Я уже предупредил вас, что мы встретимся с пустотой, и это в самом деле так. Разум пуст; это ничто. Он существует только в своих идеях; а эти идеи — ничто. Правда, идеи заключены, содержатся в своих примерах. Но примеры — опять-таки, ничто. Клешня, в качестве примера, это не Ding an sich [Вещь в себе (нем.). — Прим. перев.]; это как раз не «вещь в себе». Напротив, это нечто такое, что сделал из этой вещи разум, а именно — относящийся к чему-то пример.
Вернемся в класс к моим молодым художникам.
Как вы помните, у меня было два бумажных пакета. В одном из них находился краб. В другом — большая красивая морская раковина. Я спросил их, на основании какого признака они могли бы утверждать, что эта спиральная раковина была частью живого существа?
Когда моей дочери Кэти было около семи лет, кто-то подарил ей камень «кошачий глаз», вставленный в колечко. Она носила его на пальце, и я спросил ее, что это такое. Она сказала, что это кошачий глаз.
Я сказал:
— Но что же это на самом деле?
— Ну, я знаю, что это не глаз кошки. Наверное, это какой-то камень.
Я сказал:
— Сними его и посмотри на него с обратной стороны.
Она посмотрела и воскликнула:
— Ой, да ведь на нем спираль! Наверное, он принадлежал кому-то живому.

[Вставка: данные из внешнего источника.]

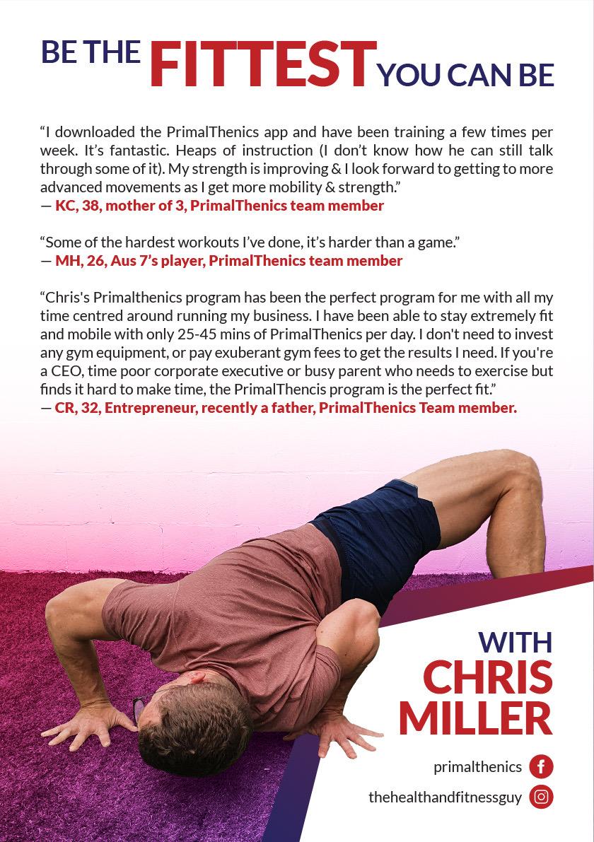 TheprogramistheworkofChris Millerwhowasinspiredtocreate PrimalThenicsaftersufferingaserious kneeinjuryinhisearlytwenties. Inanefforttoaddressboththephysiological andneurologicaldamageincurred,Chris eschewedtraditionalrehabilitationprograms tofocusonhisownresearch.

И в самом деле, эти зеленоватые диски — не что иное, как створки раковин одного вида тропических морских улиток. В конце Второй мировой войны солдаты привезли много таких с берегов Тихого океана.
Кэти была права в своем основном допущении, что все спирали в мире, кроме водоворотов, галактик и воздушных вихрей, действительно создаются живыми существами. По этому вопросу имеется обширная литература, которая, может быть, заинтересует некоторых читателей (ключевые слова — ряд Фибоначчи и золотое сечение).
Вывод, который можно сделать из всего этого, состоит в том, что спираль — это фигура, сохраняющая в процессе роста свою форму (т. е. пропорции), при этом она растет в одном направлении, надстраиваясь на открытом конце. Как видите, неизменных спиралей не бывает.
Но в классе возникли трудности. Студенты пытались найти все те красивые формальные свойства, которые они с радостью замечали в крабе. Они думали, что мне нужны формальная симметрия, повторяемость частей, модулированное повторение, и тому подобные вещи. Но в этой спирали не было двусторонней симметрии, и она не состояла из отдельных сегментов.
Им нужно было заметить, (а) что симметрия и сегментация — это в некотором роде побочный продукт, следствие самого факта роста; (б) что процесс роста предъявляет к организму свои формальные требования; и (в) что спиральная форма удовлетворяет (в математическом, идеальном смысле) одному из этих требований.
Итак, морская раковина несет в себе отпечаток прошлого — прохронизм — следы того, как в своем собственном прошлом она успешно решила формальную проблему образования паттерна (см. Словарь). Она тоже заявляет о своей приверженности связующему паттерну паттернов.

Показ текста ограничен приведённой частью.